The tourism seasonal worker was originally home-bred or from the Spanish mainland: Andalusia especially. The farms saw their workers relocate to the coasts for a new type of seasonal employment. Some would return in winter. Others headed for the building sites. Ultimately there was to be the hurry for the dole queues, with contracts confirming qualification for the "paro".
As Mallorca became cosmopolitan because of its tourism, so it attracted its foreign seasonal workers and seasonal business owners. For some of these workers, principally reps, this was to provide different stepping-stones. Marriage was one. Another was business ownership; a further one was management with hotel chains and various businesses. The reps of yesterday reside in current-day Mallorca. Those still in the tourism industry have amassed enormous experience and knowledge of the industry. Having come from the coal face and often still being at it, there is little or nothing they don't know about tourism and tourists.
These would have been seasonal workers who, yes, had come to enjoy themselves but had sufficient nous and ambition to work with seriousness, to gain excellent references with CVs that were to lead them in directions they probably hadn't planned. But because they were good, they succeeded. Look at them now: you'll know ones as well as I do.
These were the lucky ones. They rose above the less serious, the frivolous and not terribly good workers. But the unevenness of employee attribute fostered the less than good reputation of seasonal workers. Then, and because of cost-cutting and the introduction of technology (often misplaced), came the shedding of workers. Perversely, this led to the more mature worker being sidelined. It was all a question of cost. This cycle is being put into reverse. Tour operators understand the value of knowledge and a cool, experienced head.
There is a vast army of seasonal workers: highly competent and responsible or highly incompetent and irresponsible. Think for a moment of the Spanish waiter or waitress who takes pride in the professionalism of the job. But not all. I recall once having been in the Pollensa office of the owner of a chain of establishments, his desk a mass of CVs and of dismissal documentation. He typically only employed Spaniards. "Want pay, won't work."
Part of this army pulls the rest back, undermining its reputation. Here we find different characters. There is the peripatetic drifter, occupying a rootless existence at the margins of society. He or she may be adept, until the manifestations of the rootlessness appear - drink and/or drugs. Or of delusions, the products of their own make-believe. There is the younger worker for whom work is an inconvenience in the pursuit of pleasure and hedonism, however it may be achieved.
Want pay, won't work is a mantra, it has been put to me, which is ever more evident this season. Bar owners laying off workers (British most often) almost as soon as they have been taken on: want pay, won't work. There again, this is a reverse variation on the exploitation of seasonal workers: those taken on with dubious or non-existent contractual agreements and suddenly let go, only to be replaced by others who are similarly dismissed.
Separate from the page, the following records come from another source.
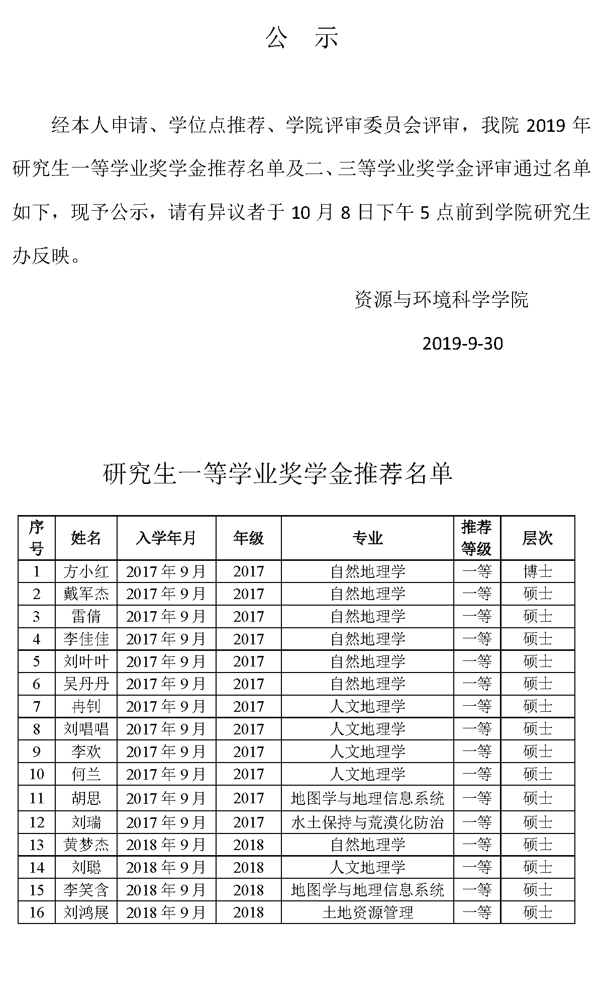 上一条:资源与环境科学学院2020年博士研究生“申请-考核”制实施办法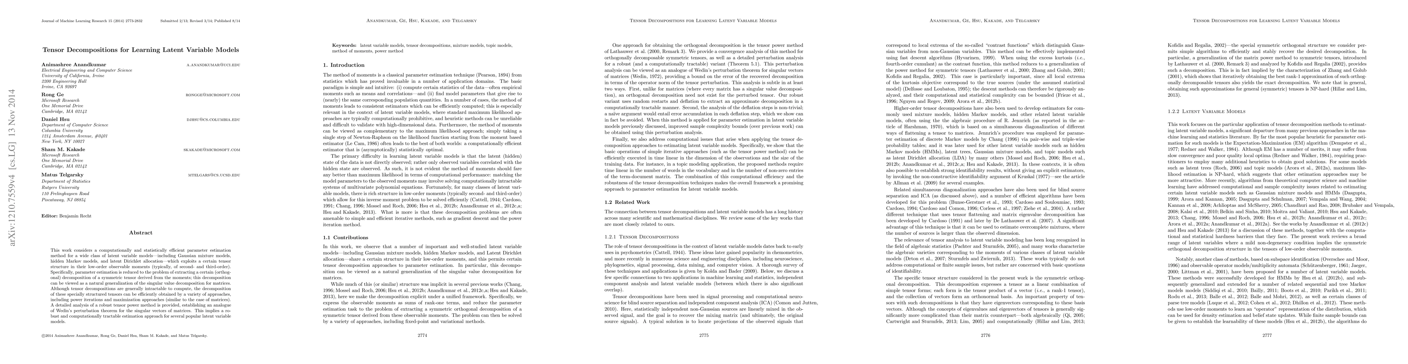 This work considers a computationally and statistically efficient parameter estimation method for a wide class of latent variable models---including Gaussian mixture models, hidden Markov models, and latent Dirichlet allocation---which exploits a certain tensor structure in their low-order observable moments (typically, of second- and third-order). Specifically, parameter estimation is reduced to the problem of extracting a certain (orthogonal) decomposition of a symmetric tensor derived from the moments; this decomposition can be viewed as a natural generalization of the singular value decomposition for matrices. Although tensor decompositions are generally intractable to compute, the decomposition of these specially structured tensors can be efficiently obtained by a variety of approaches, including power iterations and maximization approaches (similar to the case of matrices). A detailed analysis of a robust tensor power method is provided, establishing an analogue of Wedin's perturbation theorem for the singular vectors of matrices. This implies a robust and computationally tractable estimation approach for several popular latent variable models.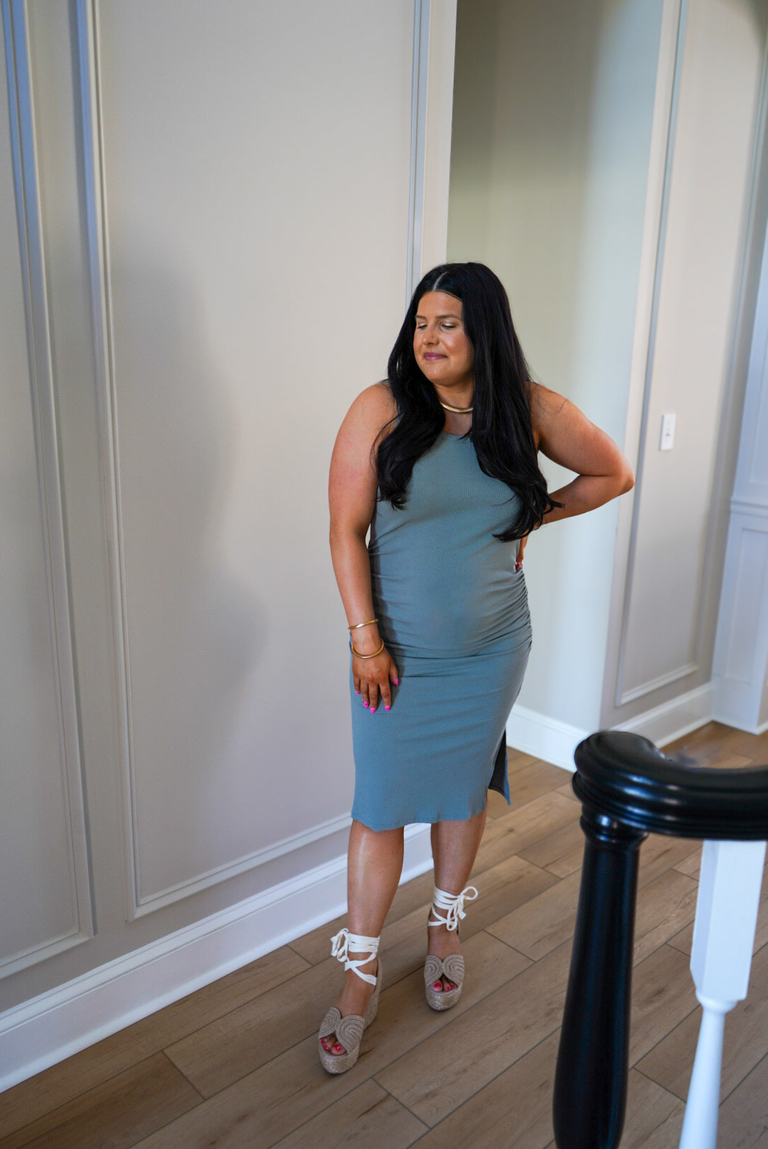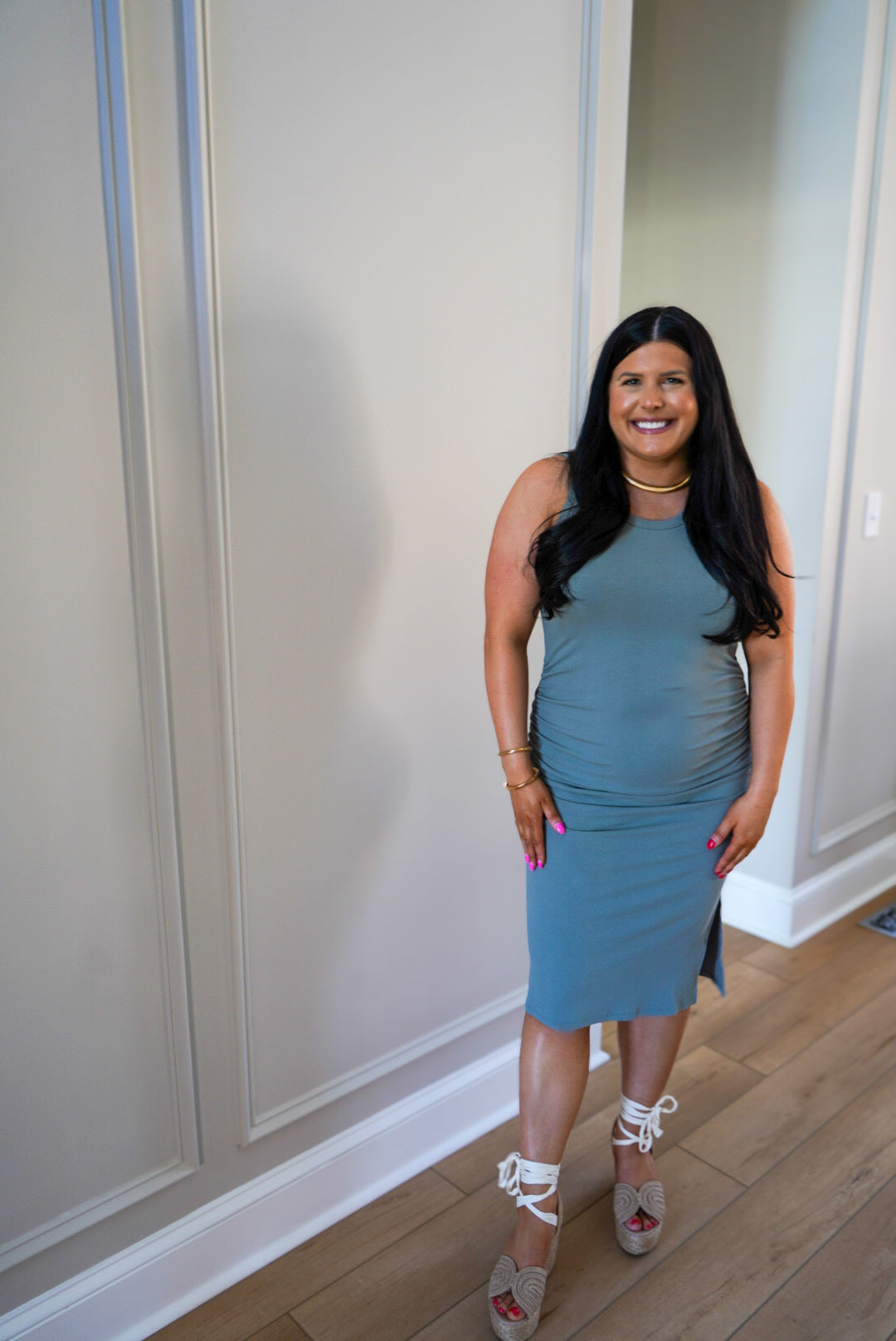 Experience classic style with a modern twist in our Back To The Basics Mint Dress! This ribbed knit dress features ruched detailing and a side slit for added flair. Its fitted, comfortable design is perfect for any occasion, whether you dress it up with wedges or keep it casual with sneakers or sandals. Try it out and elevate your wardrobe today!

Now, for one category of seasonal worker - the British - come the uncertainties of Brexit. One bar owner tells me that his gestor (who is advising various other owners) has told him not to take on any British employees next season: not the seasonal arrivals at any rate. This seems unnecessarily pre-emptive. But if so, it'll be a case of want pay, can't work.
Strip away the idle and the useless and you are left with the majority: the hardworking and the committed. Mallorca wouldn't work without seasonal employees. They deserve their pay. And more often than not, more than they get.